- Born: January 23, 1927 Brooklyn, New York, U.S.
- Died: April 18, 2024 (aged 97)
- Other names: Jim
- Education: Brooklyn College
- Occupations: Scientist, social worker, healthcare administrator
- Known for: Manhattan Project

= James Forde (administrator) =

American health official and social worker

James A. Forde (January 23, 1927 – April 18, 2024), also known as Jim, worked on the Manhattan Project from 1944 to 1945. Forde was hired by the Union Carbide and Carbon Company to clean test tubes as scientists worked to develop the gaseous diffusion process. He was the only African American working in the building at the time.

== Early life and education ==
Forde was born on January 23, 1927 in Brooklyn, New York.

Forde graduated from High School at the age of 15, and attended Brooklyn College.

Forde returned to Brooklyn College after his time as a lab assistant for the Manhattan Project. Forde continued his education and received a master's in public administration in 1955.

== Career ==
In 1944, Forde worked for Union Carbon and Carbide Company, which led him to become a part of the Manhattan Project. Forde started the Manhattan Project at the age of 17 as a lab assistant at the Nash Garage building at Columbia University. This meant he did clean-up work which included cleaning the beakers and other materials, but his most important job was to clean tubes used to test barrier solutions. After the Manhattan Project, Forde was laid off, instead of getting transferred to Los Alamos.

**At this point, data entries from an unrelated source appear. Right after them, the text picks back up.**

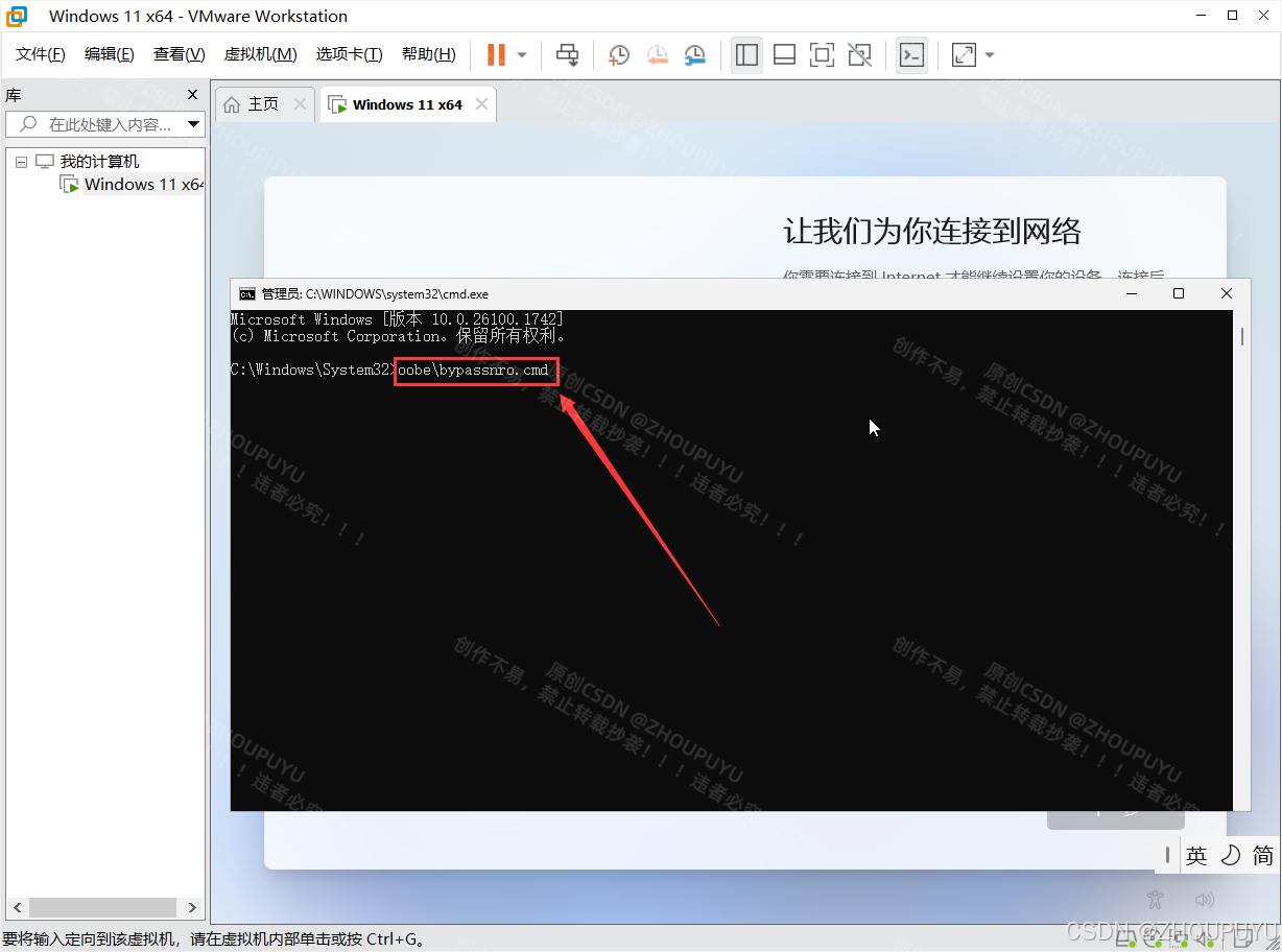 2.输入命令oobe\bypassnro.cmd,然后按下回车键(Enter)
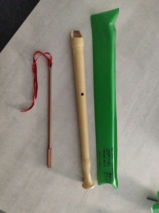 Tengo 2 flautas iguales Flauta dulce soprano en color beige, en buen estado. Incluye un limpiador de color verde lima. - Flauta dulce soprano. - Limpiador.
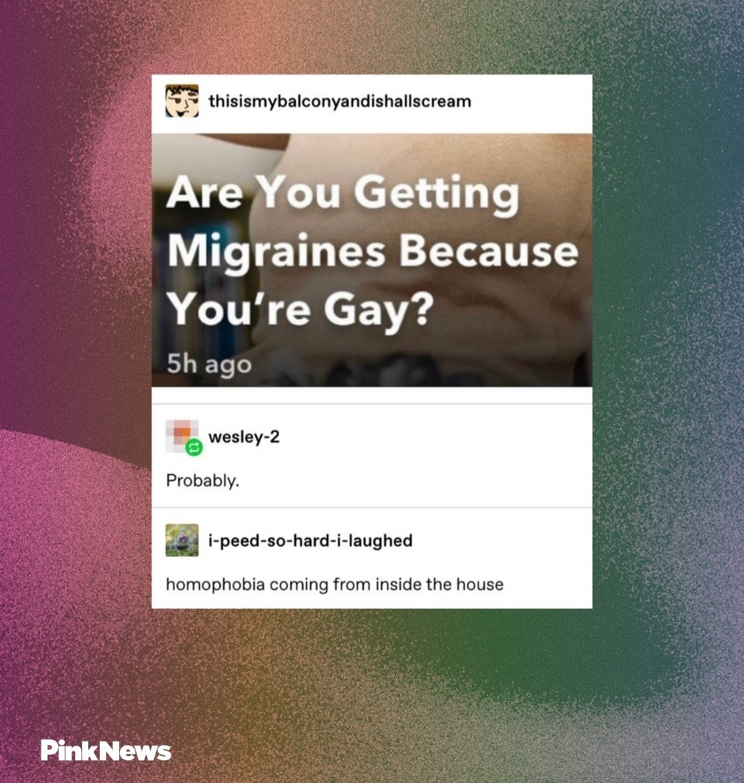So by that logic, every migraine sufferer is gay? Won’t my spouse be surprised…
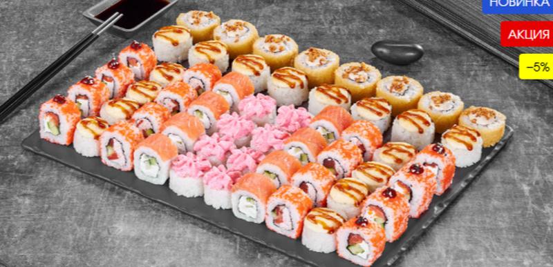 Состав: Ролл Филадельфия лайт сяке (8 шт), Ролл Калифорния микс (8 шт), Ролл Мистер барбекю (8 шт), Ролл Лава с креветкой (8 шт), Ролл Чикен темпура (8 шт), Ролл Нежный с курицей запеченный (8 шт), Ролл Сумоку запеченный (8 шт). *Внешний вид блюда может отличаться от фото на сайте.
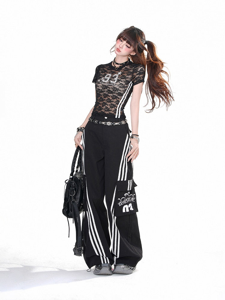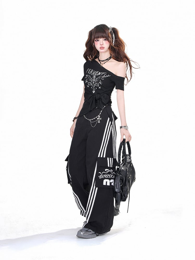 Bleiben Sie stilvoll und bequem mit unserer weiten, lockeren Hose mit schwarzen und weißen Cargotaschen. Diese Hose hat nicht nur trendige Cargotaschen, sondern bietet auch eine lockere Passform für maximalen Komfort. Perfekt für jeden lässigen Anlass und verleiht Ihrem Outfit einen Hauch von Niedlichkeit.
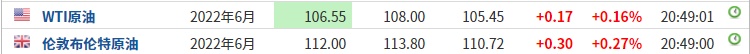 3. 截至发稿,WTI原油涨0.16%,报106.55美元/桶。布伦特原油涨0.27%,报112.00美元/桶。
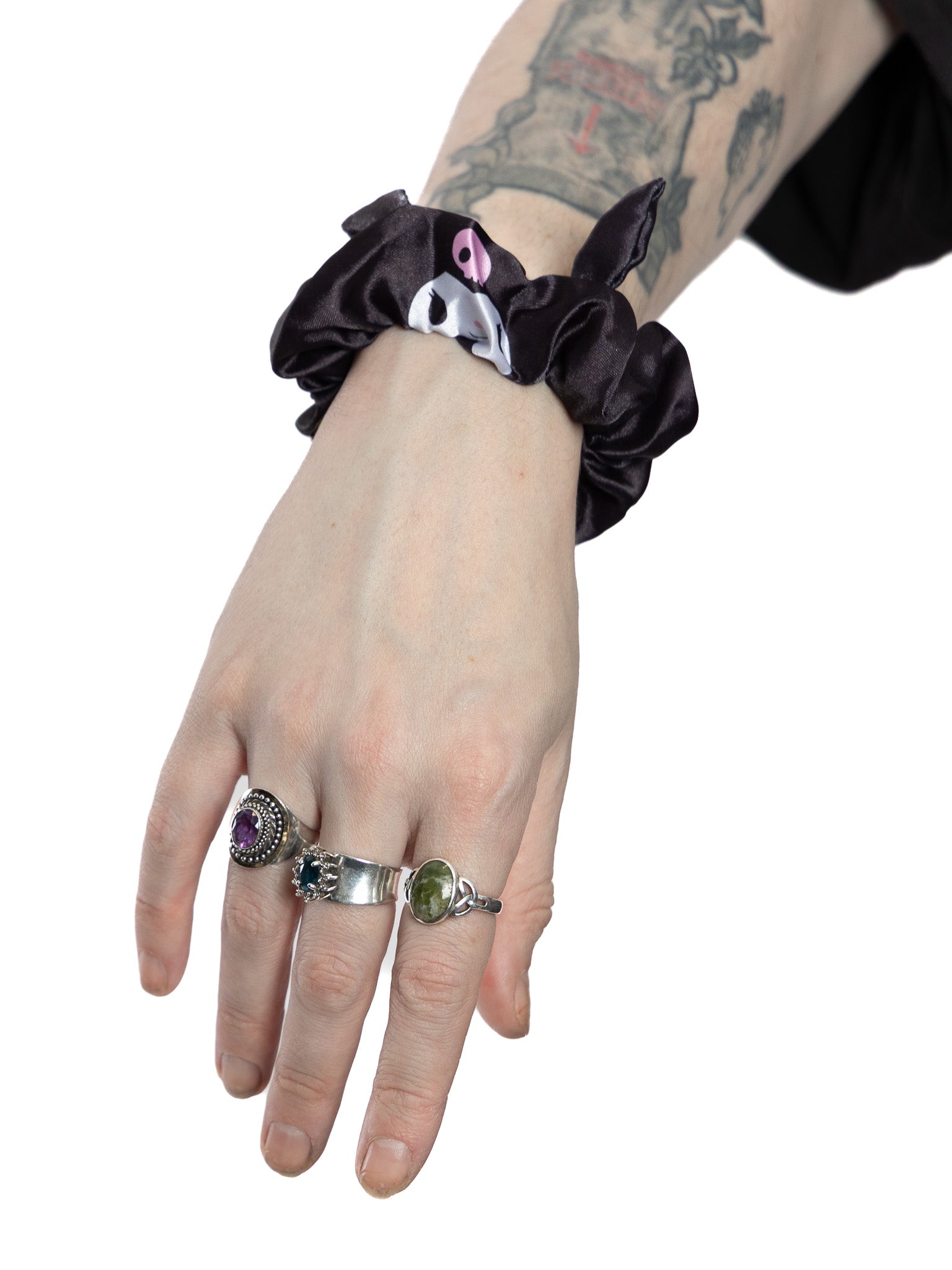 Black satiny scrunchie with printed face details and attached ears.
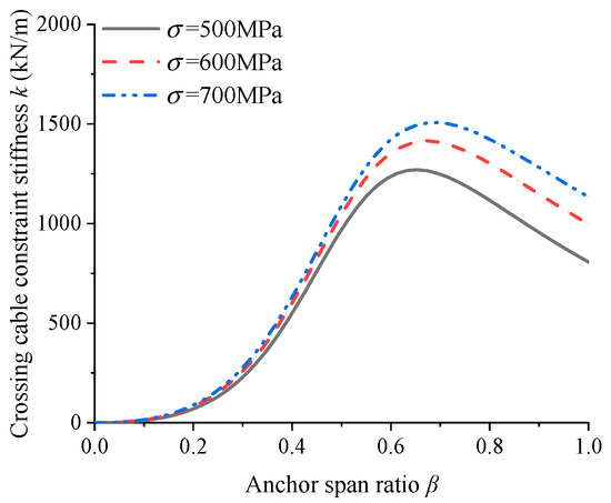 From Equation (5), it can be seen that when the height-to-span ratio and the material properties of the crossing cable are constant, the constraint stiffness k is related to the main span length L, the height-to-span ratio α, the ratio t of the crossing cable areas of the mid and side tower, the anchor span ratio β, and the initial stress σ. Based on Equation (5), the relationship between main span length L, anchor span ratio β, initial stress σ and crossing cable constraint stiffness k is analyzed. The ratio of the crossing cable area of the side tower to the mid tower is t = 1, and the relationship between the constraint stiffness of the crossing cable and the anchorage position (anchor span ratio), span length and initial stress of the crossing cable is studied, respectively.

After getting laid off, he continued his studies at Brooklyn College, and received a job at the Columbia Broadcasting System (CBS). He was able to be a part of CBS in the early stages of development.

After graduating college, he went on to become a social worker for New York City. He later finished his master's degree and moved to the Albany/Schenectady area where he worked for the Department of Mental Health and Hygiene. He worked for the state for about 20 years in many different positions. He later became the regional director for mental health facilities.

He moved to San Diego and in 1979 became director of the Department of Health Services for 10 years in the county of San Diego. Forde retired after leaving the San Diego Health Services and went into community work. He organized local and state healthcare for African Americans.